The development of the new towns in Great Britain indicates that over the long pull, these are self-supporting. I think with a loan program, the subsidies will really be unnecessary except, of course, with the subsidies that are now provided and would continue to be provided in the categorical programs in housing to provide housing for lowincome families.

The CHAIRMAN. I wonder if I might break in right there regarding new towns. Do you think we can very well compare our new town development in this country with that in Britain?

Mr. SLAYTON. Certainly not now,

The CHAIRMAN. I am not talking about the stage of development; I am talking about the method by which it is being carried out. I am thinking primarily of the land which in Great Britain, they give the right of eminent domain and take the land. It is just automatic. We cannot do that in this country.

It seems to me that it presents a problem that is bad enough now and is bound to become worse as time goes on.

Mr. SLAYTON. Well, I do not see how we can undertake a new town program in the United States, Mr. Chairman, unless the power of eminent domain is provided to State-chartered public development corporations. Relying upon private assembly solely, I think will defeat the whole concept or the objective of the new town development program or the development of satellite communities on the periphery of our metropolitan areas.

The CHAIRMAN. Of course, that is the status of it now.

Mr. SLAYTON. The status of it now.

The CHAIRMAN. It has to depend upon

Mr. SLAYTON. Private assembly.

The CHAIRMAN (continuing). Private assembly of the land.

Mr. SLAYTON. As a consequence, our new towns are located where there is already land assembled under one ownership like Irvine Ranch or Reston. Columbia is the only new town where there has been private assembly. And, of course, this has been done by Jim Rouse. And there is one Jim Rouse in the United States, it seems to me, to do this.

It is a very difficult undertaking if there is not the power of domain. And Jim Rouse still has holes in the area in Columbia where he was unable to acquire the land. And private developers now who are interested in new town development feel that the power of eminent domain is essential if we are going to be able to undertake such developments. The CHAIRMAN. It seems to me we would run into some rather difficult constitutional problems in trying to provide for the public taking-that is, condemnation-both State level and even more so at the Federal level.

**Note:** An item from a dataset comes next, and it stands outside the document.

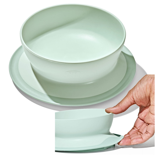 Miseczka OXO tot z serii Stick & Stay w nowym pastelowym kolorze. Jej wysokie, zaokrąglone od wewnątrz ścianki pozwalają na łatwe nabieranie pokarmu na łyżkę. Dodatkowo miseczka OXO tot ma wygodną silikonową przyssawkę, która mocno przylega do powierzchni stołu lub blatu ułatwiając pierwsze próby samodzielnego jedzenia. Kiedy maluch zaczyna poznawać nowe smaki miseczka z przyssawką idealne sprawdzi się, jako pierwsze naczynie Twojej pociechy. Pewnie tkwi na stole i nie ucieka podczas prób nakładania posiłku na łyżeczkę. Dodatkowo przyssawka chroni naczynie przed zrzuceniem ze stołu lub blatu, pozwalając zachować porządek wokół malucha. Docenią ją więc nie tylko dzieci, ale i dorośli. Konstrukcja przyssawki jest łatwa w obsłudze. Rodzic łatwo odessie ją od stołu pociągając za specjalny uchwyt. Jeśli ustawimy go tyłem do dziecka, maluch nie odczepi miseczki samodzielnie. Przyssawka jest odkręcana od talerzyka, dzięki czemu naczynie łatwo i dokładnie umyjemy. Ręcznie lub w zmywarce (na górnej półce).
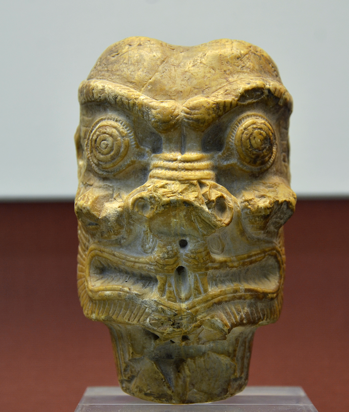 또한 남아있는 조각상의 대부분에서, 얼굴은 동물의 창자와 같은 한 개의 관이 꼬여있는 형태로 표현되어, 보는 이에게 불길한 인상을 준다.[10]

Mr. SLAYTON. Well, I think back in 1949, Mr. Chairman, when the urban redevelopment legislation was adopted and when there were only a few States that had urban redevelopment legislation and when the constitutional question was raised about public taking for urban renewal activities. And we had to go through quite a lot of State court decisions. And, of course, we had one major U.S. Supreme Court decision upholding the use of eminent domain for public taking for urban renewal.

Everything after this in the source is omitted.